# Site General > General Herp > Herp Broadcast >  How to handle an aggressive snake

## twan

I just wanted to know yall thoughts about this video and has anybody tried this and did it work. :Smile: 

YouTube - Handling an Aggressive Snake

----------

_Exotic Ectotherms_ (08-01-2010)

----------


## RR - Mackenzie

Nevermind, I see it  :Smile:  I think it depends on how comfortable you are with it. I've never tried it personally.

----------


## Foschi Exotic Serpents

Ive been doing that for years. It does work. It also works to calm a hyper snake that wont stop trying to get away. Place your hand over the head cupped a little so you are touching the nose, and hold it there. Just barely touching the snake.
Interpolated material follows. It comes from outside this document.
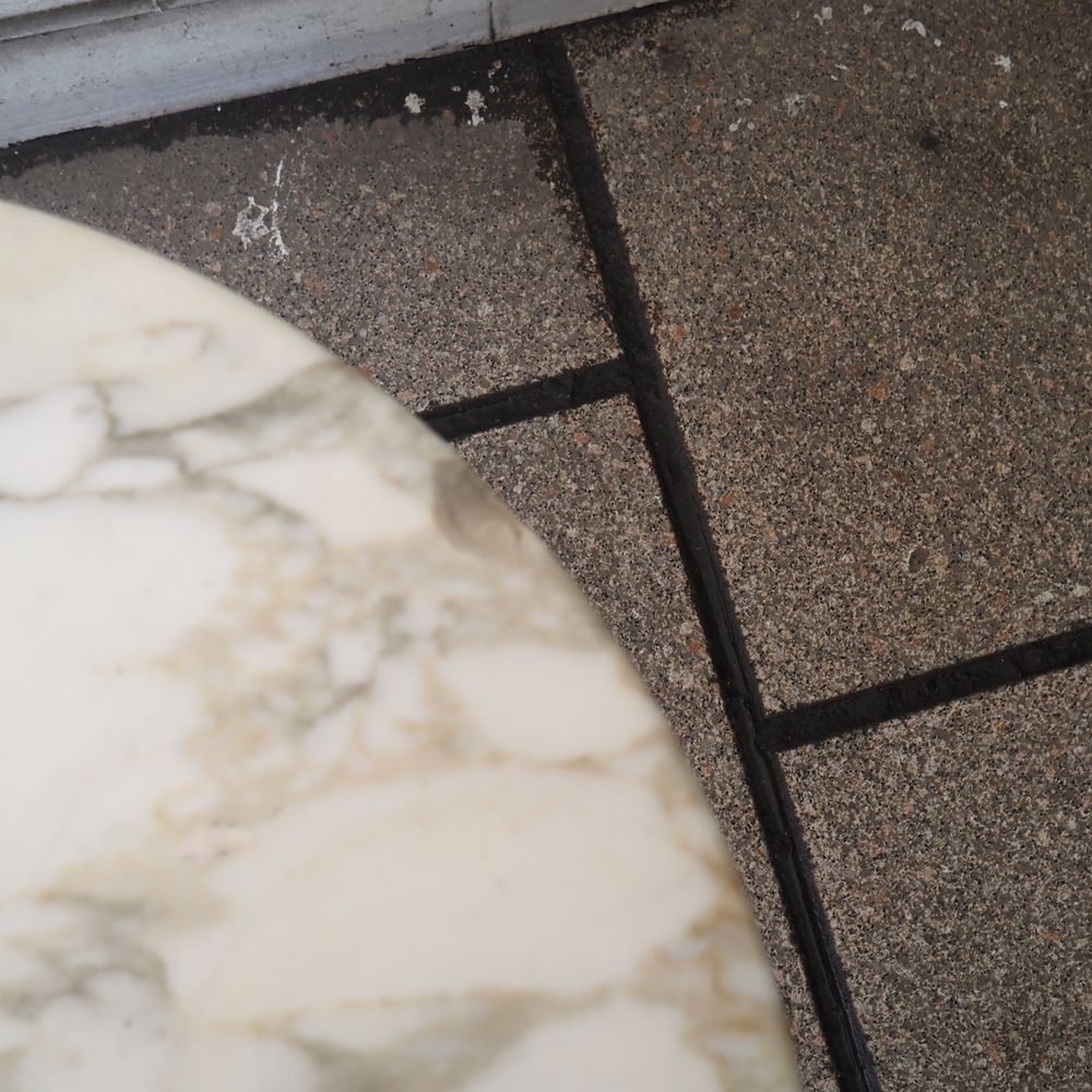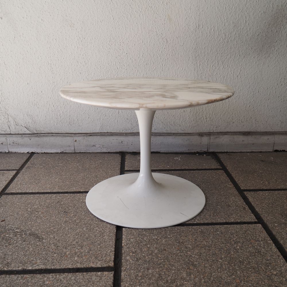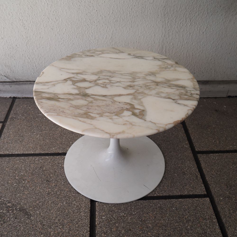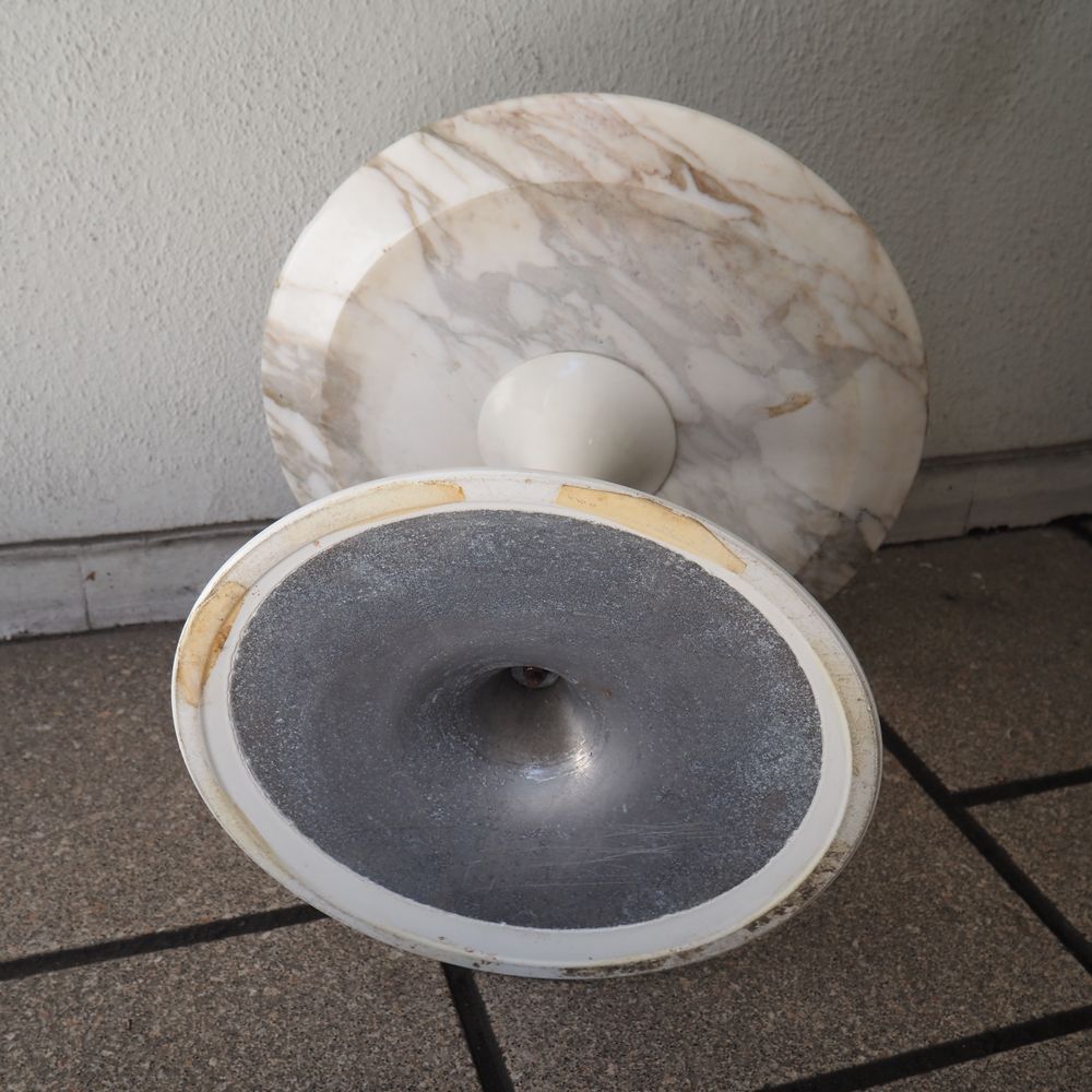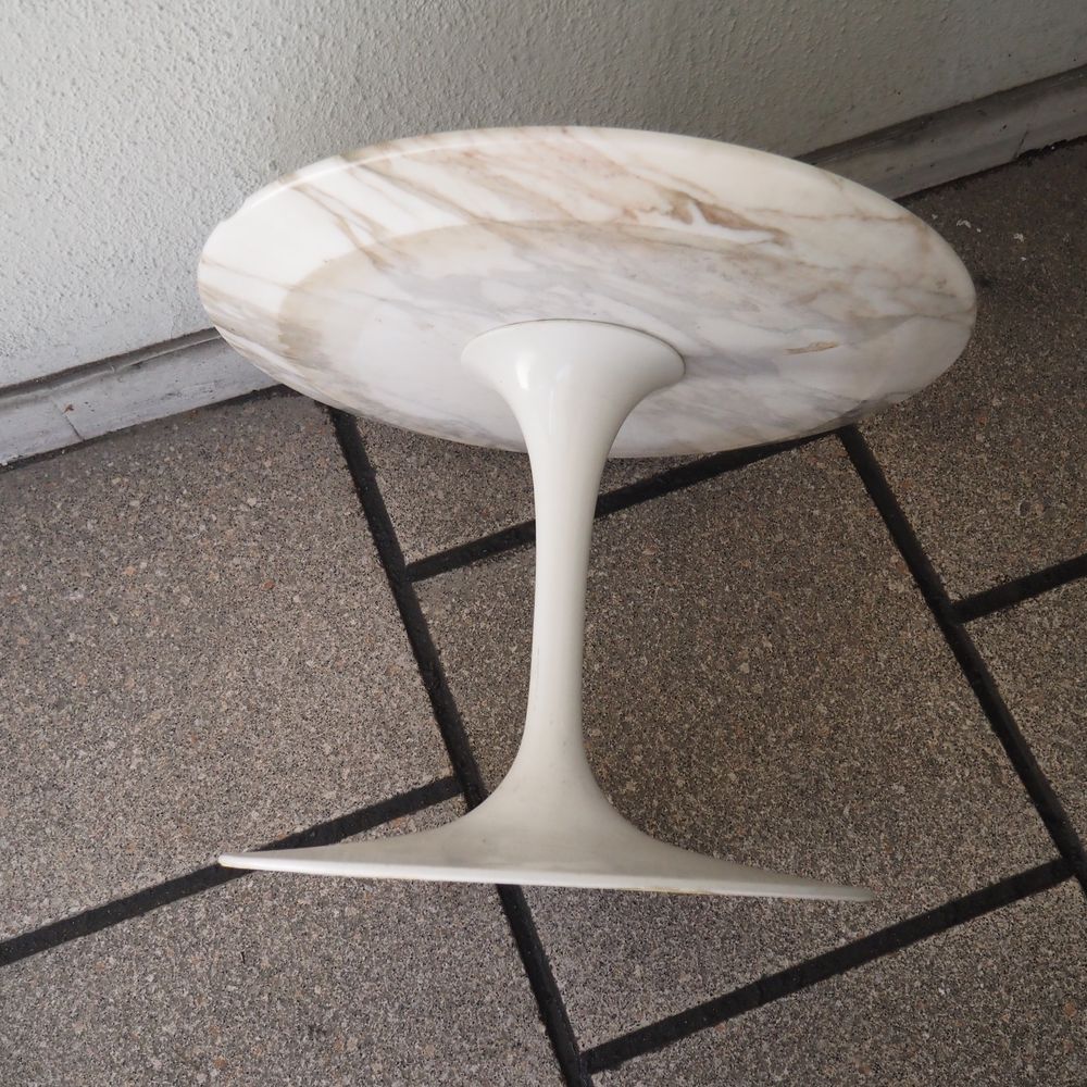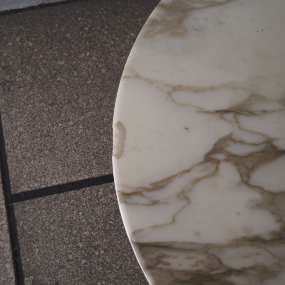 Eero Saarinen (1910-1961) / Knoll International : Guéridon, modèle tulipe, dessiné en 1956, plateau circulaire en marbre de carrare blanc veiné gris, posé sur un pied tulipe en aluminium époxy blanc, édition vers 1956, (2 éclats coté), diam: 37, H: 51 cm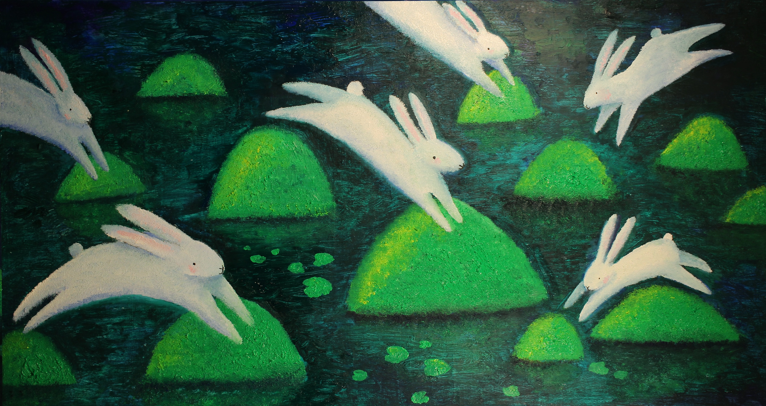 Белые зайцы прыгают по болотным кочкам (атмосферный сюрреализм)

If the snake keeps trying to race away when you lift your hand, just do it again. 

I also always tell people to reach into the enclosure coming from behind the snakes head and cup your hand down over the head. This is so it doesnt strike from being spooked or feeding response.

----------


## Falconsmith

Good tips. Nice hat too!

----------


## llovelace

The male rtb that I acquired about a year ago, was so cage agressive, he did the whole strike the glass viv whenever someone one walked by,(his name is Oscar) but with frequent handling (daily, except feed days), he's like a 'lil puppy now.  Just brought another one home (long story) who's the same way.


They are both under 3 ft., now I have "Big Girl" who's about 7ft., and her owner didn't handle her much at all over the past 9 months or so, but she never has displayed any type of agressive / antsy behavior.

As far as the video, I don't know, never tried that technique

----------


## Aeries

I've used a very similar technique with young retics. Basically something over the head, then pick up them up from the middle.

----------


## blackcrystal22

I have a little story for you that you might find interesting.
This technique does work because it calms the animal down and almost makes it impossible to reel back and strike properly.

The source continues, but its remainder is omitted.